Brigadier Charles Frederick Cunningham Macaskie  (26 March 1888 – 26 November 1969) was an English barrister who served as the first Chief Justice of North Borneo.

Career 
In 1910, Macaskie had remained in the British protectorate of North Borneo after the First World War ended to work as a British government official. Between 1934 and 1945, he served as the Chief Justice and Deputy Governor of North Borneo. After the Japanese occupation of British Borneo, Macaskie returned and was appointed chief civil affairs officer for the period 1945-1946 and was later made commissioner for war damage claims for the Borneo Territories between 1947 and 1951.

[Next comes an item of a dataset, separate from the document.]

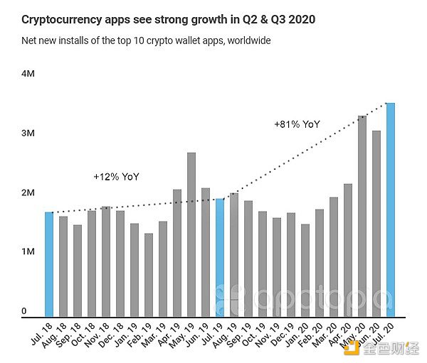 根據應用程序數據網站Apptopia最新研究數據顯示,2020年7月排名前十位的加密貨幣錢包應用程序的凈新增安裝量同比上漲了約81%。該公司分析師瑪德琳·萊納漢(Madeline Lenahan)在分析文章中寫道:

After he left North Borneo, Macaskie held the position of acting British judge at New Hebrides (now Vanuatu) in 1955, 1958 and 1959.

Personal life 
Macaskie' first marriage was to Maggie Winifred Mary Macaskie (née Bruce), who bore him a son in 1919, Ian Bruce Macaskie. Due to Macaskie' frequent work travels into the interior region of Borneo, his family was often left alone in the capital Jesselton. In 1922, his wife fell pregnant with a Scottish man's child. Macaskie sent the family back to England to allow Maggie to give birth in more hospitable conditions and agreed to be listed as the child's father. Later, during one of Macaskie' trip back to Kent, the couple agreed to officially separate and eventually divorced in 1926.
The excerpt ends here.